» YOUR OBJECTIVE
Give again, exactly and only, the lines running from the one with "Pues ya ves" to the end of the material below; leave out pictures.

[[ GIVEN DATA, beginning ]]

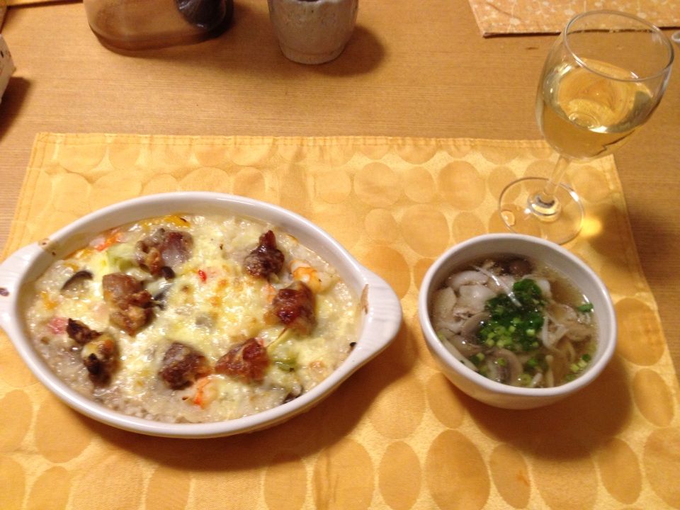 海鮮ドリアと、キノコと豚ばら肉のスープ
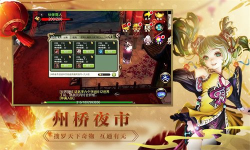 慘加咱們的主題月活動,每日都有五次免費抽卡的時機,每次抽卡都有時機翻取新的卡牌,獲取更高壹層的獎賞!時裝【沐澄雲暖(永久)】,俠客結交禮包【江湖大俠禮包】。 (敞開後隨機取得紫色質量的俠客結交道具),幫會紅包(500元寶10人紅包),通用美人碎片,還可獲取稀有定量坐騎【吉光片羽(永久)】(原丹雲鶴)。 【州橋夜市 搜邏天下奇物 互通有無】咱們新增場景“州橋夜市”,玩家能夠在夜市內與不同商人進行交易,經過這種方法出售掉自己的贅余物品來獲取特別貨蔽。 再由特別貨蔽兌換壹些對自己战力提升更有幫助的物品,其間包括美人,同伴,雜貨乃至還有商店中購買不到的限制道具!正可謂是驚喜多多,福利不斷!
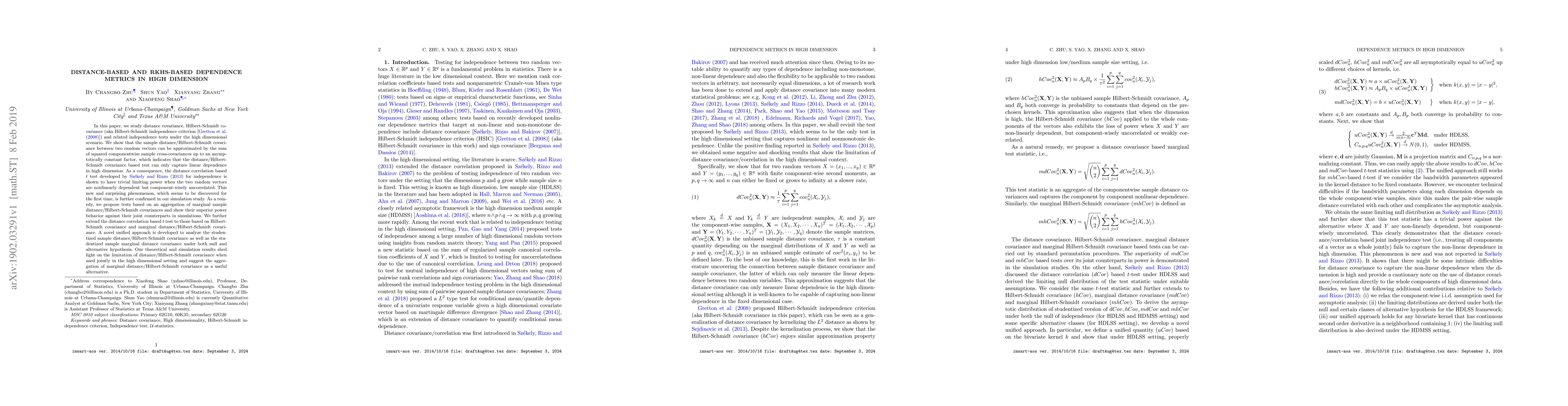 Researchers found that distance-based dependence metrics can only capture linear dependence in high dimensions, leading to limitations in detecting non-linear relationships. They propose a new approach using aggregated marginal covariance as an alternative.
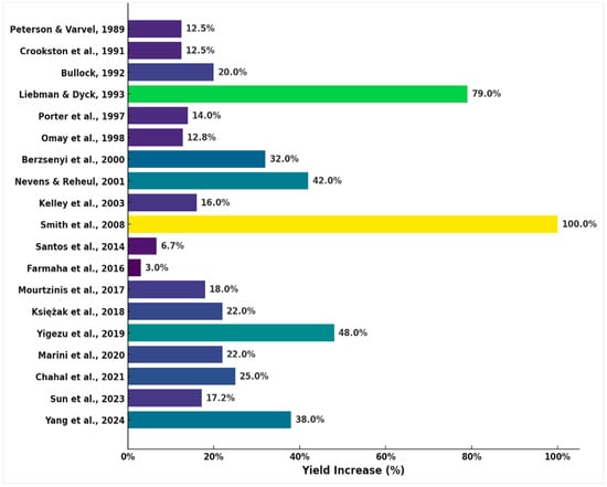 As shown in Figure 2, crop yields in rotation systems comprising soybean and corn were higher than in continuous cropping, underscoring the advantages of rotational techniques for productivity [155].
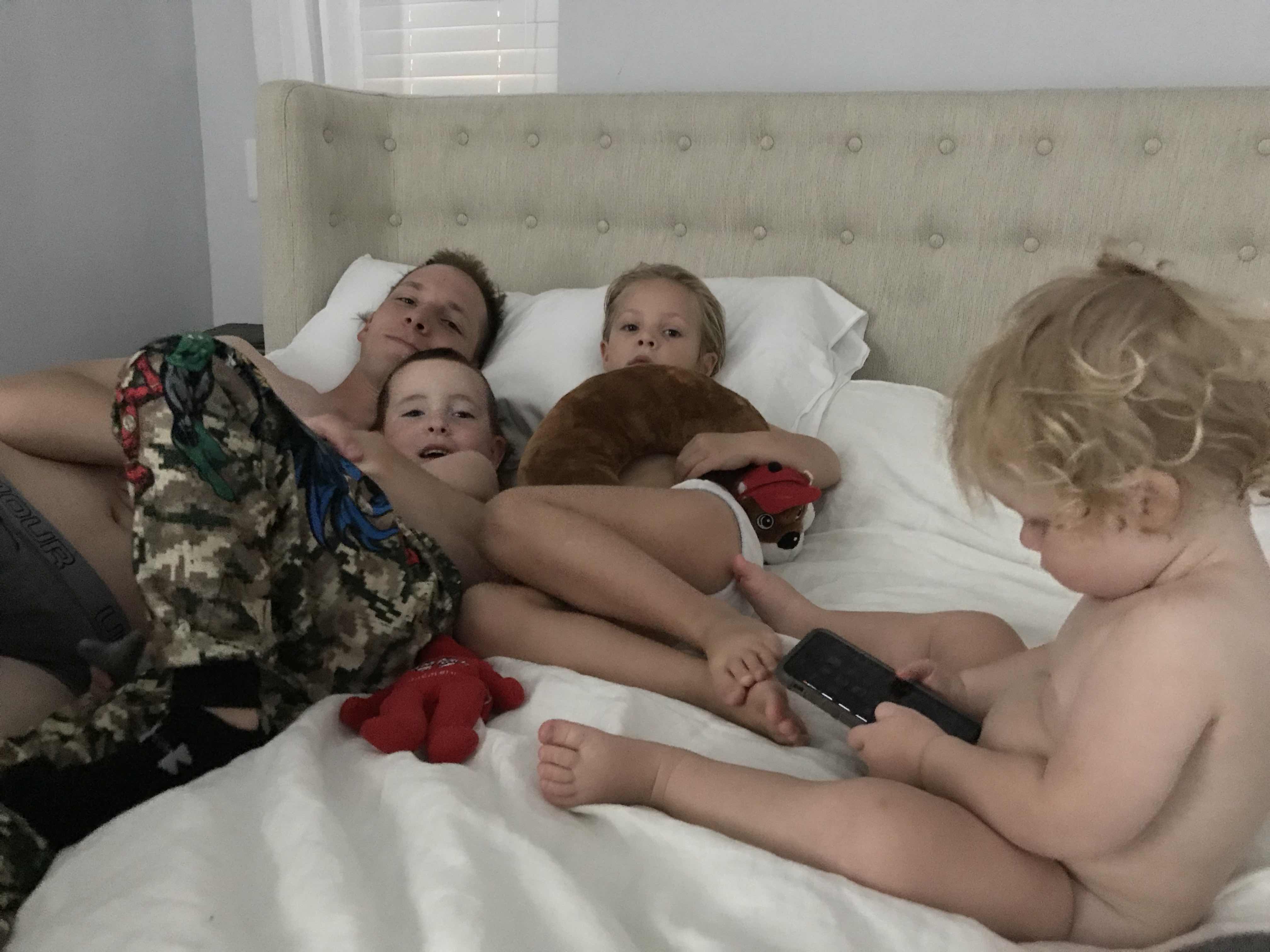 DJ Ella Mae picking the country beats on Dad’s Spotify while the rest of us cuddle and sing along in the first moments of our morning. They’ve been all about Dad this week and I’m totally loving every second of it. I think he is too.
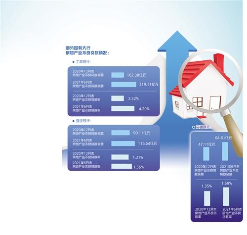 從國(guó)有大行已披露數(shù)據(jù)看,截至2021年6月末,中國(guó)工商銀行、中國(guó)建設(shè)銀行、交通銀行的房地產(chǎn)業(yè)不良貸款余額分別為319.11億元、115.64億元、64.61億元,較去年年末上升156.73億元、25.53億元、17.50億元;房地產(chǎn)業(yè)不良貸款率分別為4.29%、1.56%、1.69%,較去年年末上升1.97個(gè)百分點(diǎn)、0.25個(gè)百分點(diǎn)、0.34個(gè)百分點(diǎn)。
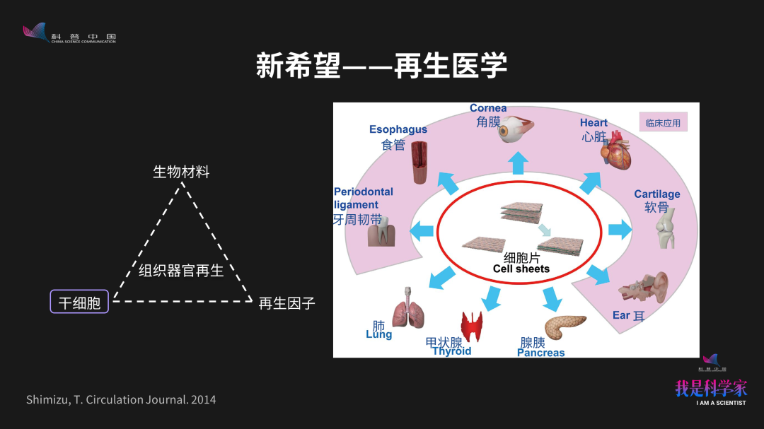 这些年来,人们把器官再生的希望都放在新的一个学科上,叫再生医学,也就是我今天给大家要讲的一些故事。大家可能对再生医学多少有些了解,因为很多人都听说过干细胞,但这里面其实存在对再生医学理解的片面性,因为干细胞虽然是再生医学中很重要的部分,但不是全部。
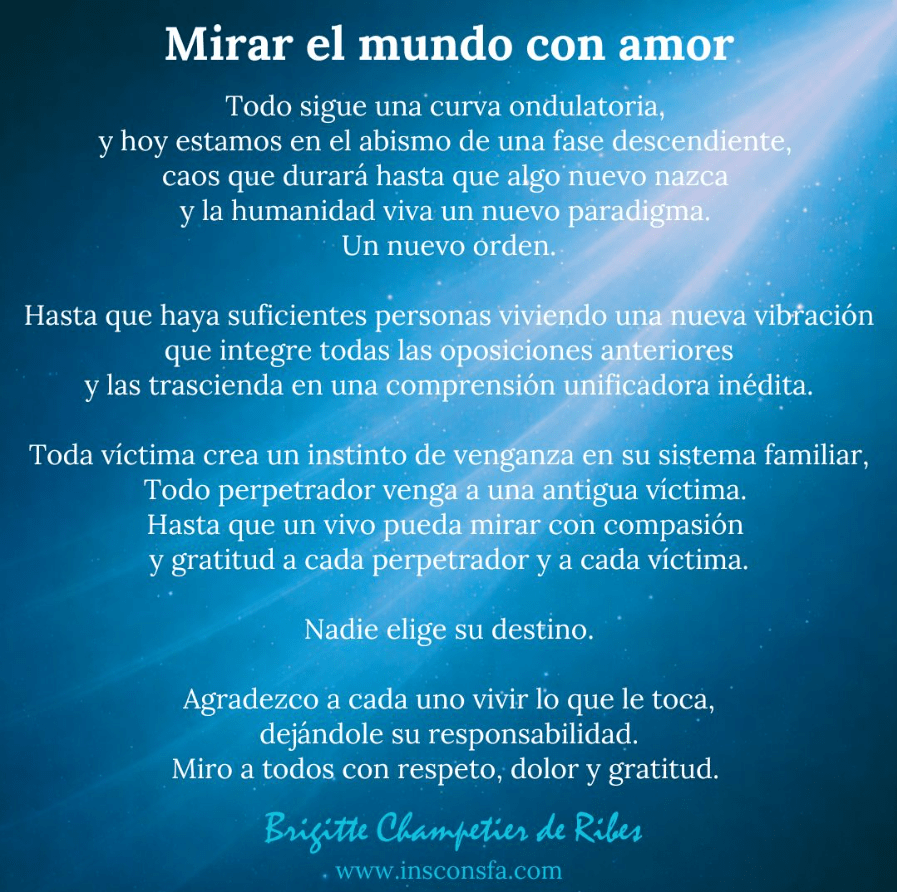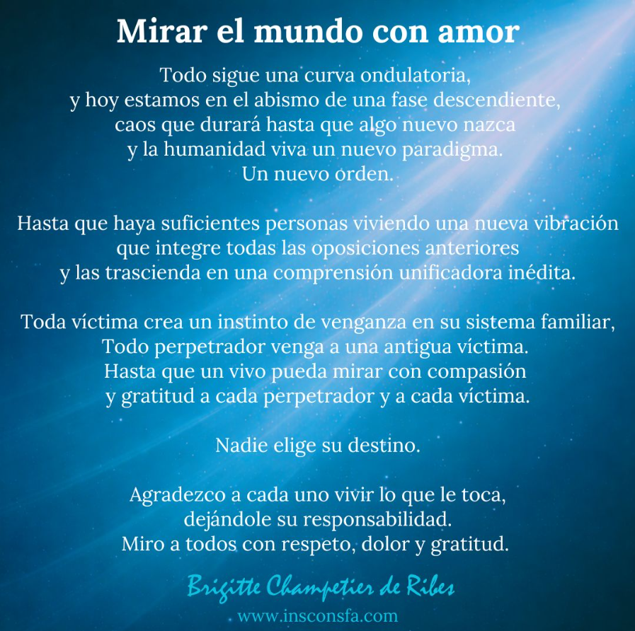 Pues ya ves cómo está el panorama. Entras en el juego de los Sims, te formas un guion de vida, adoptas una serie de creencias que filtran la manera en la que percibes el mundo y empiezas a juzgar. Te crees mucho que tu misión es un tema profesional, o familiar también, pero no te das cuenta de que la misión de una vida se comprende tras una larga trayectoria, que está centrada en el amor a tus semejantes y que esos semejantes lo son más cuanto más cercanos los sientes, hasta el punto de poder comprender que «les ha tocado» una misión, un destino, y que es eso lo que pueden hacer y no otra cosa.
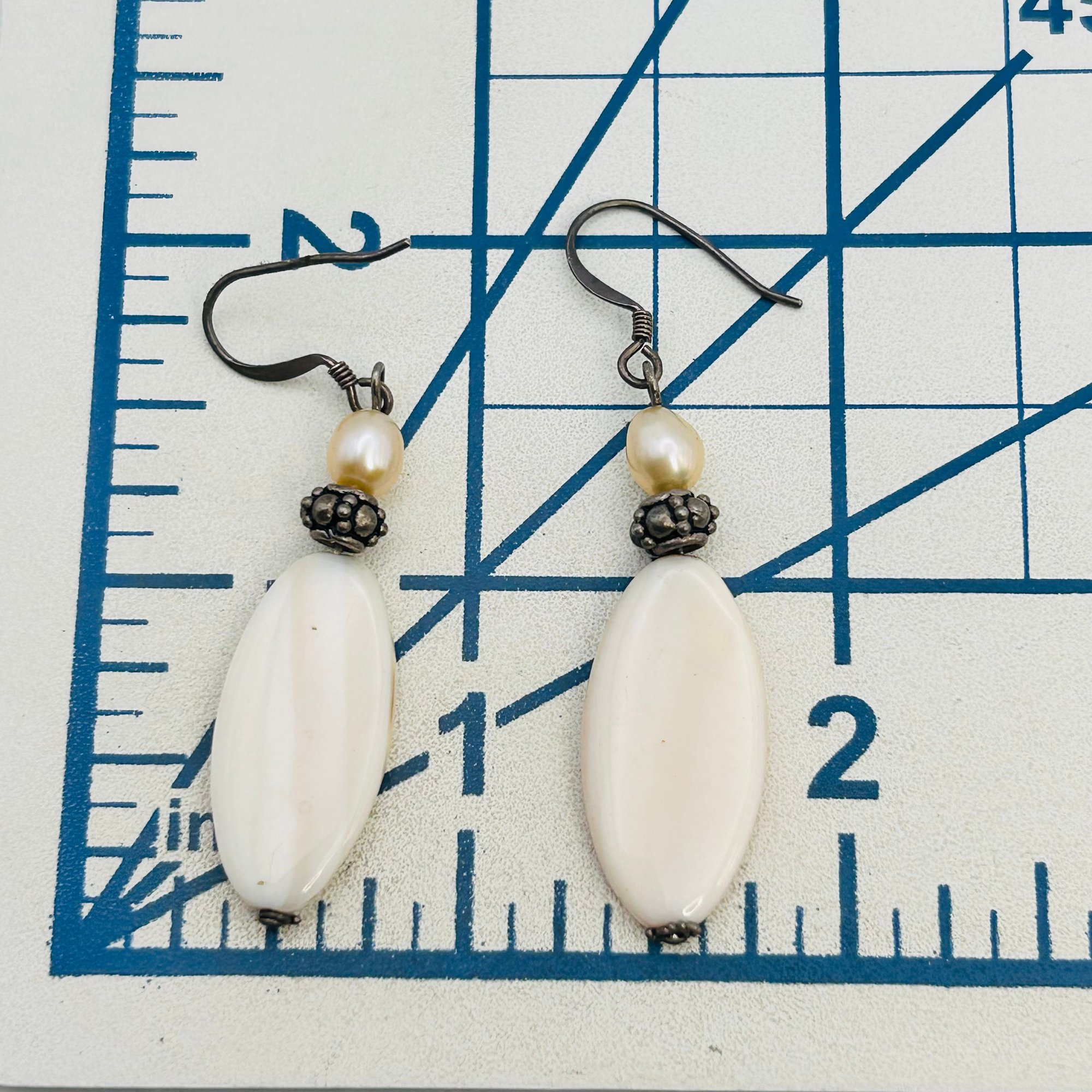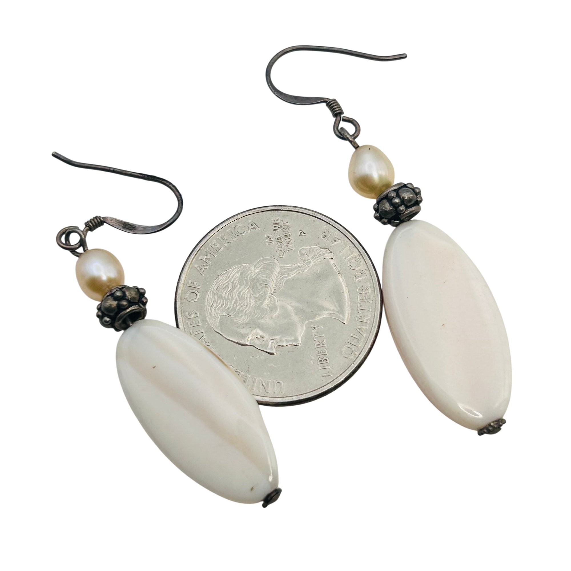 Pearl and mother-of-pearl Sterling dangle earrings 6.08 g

[[ GIVEN DATA, end ]]

» TASK OUTPUT
 Pues ya ves cómo está el panorama. Entras en el juego de los Sims, te formas un guion de vida, adoptas una serie de creencias que filtran la manera en la que percibes el mundo y empiezas a juzgar. Te crees mucho que tu misión es un tema profesional, o familiar también, pero no te das cuenta de que la misión de una vida se comprende tras una larga trayectoria, que está centrada en el amor a tus semejantes y que esos semejantes lo son más cuanto más cercanos los sientes, hasta el punto de poder comprender que «les ha tocado» una misión, un destino, y que es eso lo que pueden hacer y no otra cosa.
 Pearl and mother-of-pearl Sterling dangle earrings 6.08 g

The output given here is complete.